Thanks Jerry. If I had to get this info from the the other article, I’d still be in the dark. To the layman, that seemed like an amazing bit or research.
As an aside, the rapid extinction of Lake Victoria cichlids is a crime and these amazing animals could be mostly gone in our lifetime.
Well, I stil think my Teagueia radiation in Banos, Ecuador is a potential example of sympatric speciation. It is a monophyletic lineage with no (living) close relatives, with multiple distinctive morphological features. They all live (today) in an area of about 30 km x 90 km. A deep dry valley divides them into two sets of species; no species (currently) has a range that crosses the valley. The phylogeny shows that species did cross that gap a couple of times over geological time spans, but most of the species appear to have diverged sympatrically on their side of the valley. Many species currently grow together, 16 species on one mountain between the elevations of 3100m and 3800m, though there is (currently) some slight elevation segregation, so that maybe about six species grow together in any one spot.
See
https://ecomingafoundation.wordpress.com/2015/02/11/darwin-day-special-some-of-ecuadors-evolutionary-radiations/
for more info.
Seems logical that plants would evolve some different speciation strategies, being far less motile than most animals. (Polyploidy of course is another example.)

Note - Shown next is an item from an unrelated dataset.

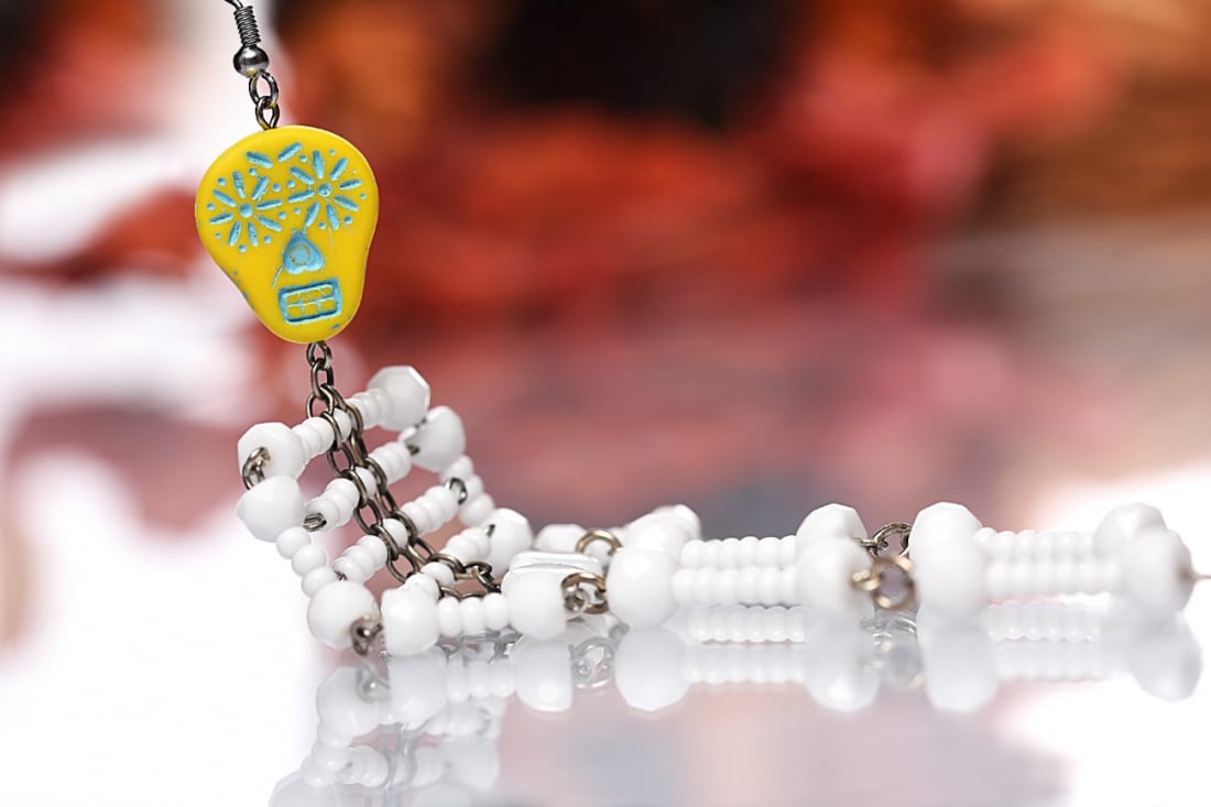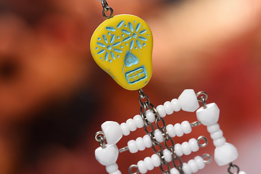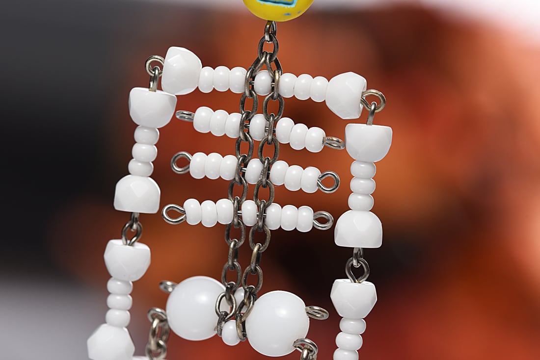 В работе используется чешский бисер Rocailles, металлические швензы и ювелирная проволока, а конструкция состоит из подвижных частей — головы, позвоночника и конечностей, соединённых колечками. Благодаря точной схеме и простым шагам серьги-скелеты подойдут даже тем, кто только начинает осваивать бисероплетение.

And great fun to revisit that blog post. I highly recommend it to everyone, not only for the cool biology but also the lyrical and inspiring writing.
Thanks so much for that nice comment Diane!!!!
Is there a suggestion to how multiple invasions could have reached the crater lakes previously thought to be isolated enough for sympatric speciation to be evidenced (ie flood?)
Episode 1 mentioned that there were previously rivers flowing from the craters, so these lakes were connected to other bodies of water.
Thanks for posting this and the explanations. Very interesting. (I read Speciation a while ago.) Sorry to be late about this, but I’ve been busy. I do want to remember to thank you for the science posts, though.